One of the questions or conundrums for clusters has been the most efficient or cost-effective way to get a keyboard/video/mouse to a node that you are interested in seeing. On May 28, 2004, Suvendra Nath Dutta asked what kind of solution people use to access individual nodes rather than KVM systems. Guy Coates was the first to respond with suggesting that you use good old fashioned serial consoles that came over with the Pilgrims (well, maybe not that old). He mentioned that newer servers give you BIOS access over serial as well. He went on to mention that the 2.6 kernel series has a netconsole feature that puts out a console over UDP but did point out that you can't get BIOS access or early boot access with netconsole.
Robert Brown joined in to say that he really dislikes serial consoles and didn't like KVM's any better. He suggested three things: (1) get nodes that can boot without a keyboard/monitor attached; (2) get a PXE NIC for the nodes and PXE boot; and (3) invest in a "cluster crash cart." A "cluster crash cart" is simple a rolling cart with a monitor (Bob recommends a flat monitor), keyboard and mouse, and a small UPS (A UPS is suggested just in case you need power for your monitor). Robert also suggested that you might want a 4-port KVM. He estimated that a complete crash cart was about $400-$500. In a later post Robert (also referred to as rgb) thought that in general serial consoles were not worth the trouble since they are rarely used although he did mention that a serial terminal server might be worth it for people who need to telnet/ssh into a port and get to a real console.
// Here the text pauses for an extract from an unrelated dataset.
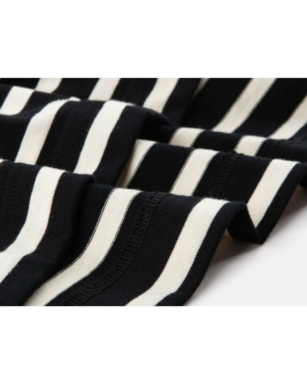 ゆったりとしたシルエットでラフに着こなせる一枚。ボーダー柄なので、シンプルなスタイリングでも存在感を発揮します。一枚で着るのはもちろん、ジャケットやシャツのインナーとしても活躍します。

Of course, Robert's comments started some debate. Guy Coates jumped in that he thought terminal consoles with worth the extra cost for the occasional use because he uses the time he saves running to the machine room to help users. Robert responded in a fairly lengthy email that he agreed and disagreed with Guy. He thought that if you need remote management then serial terminal servers can be a cost effective solution. However, Robert went on to say that he thought there were better approaches. Robert's well though out argument was that remote terminal access is mostly used for "bouncing" (i.e. rebooting) nodes that are locked up. He thought that a PXE/WOL (WOL = Wake On LAN) system might be better because you can force the node to reboot and you can control the "personality" that gets sent to the node by choosing the appropriate image. For example, you could send a diskless/repair boot image that would allow the node to come up and then you could plug into it for repair or even work on it over the network. Robert went to point out that the one remaining obstacle in using PC hardware today is accessing the BIOS over the network.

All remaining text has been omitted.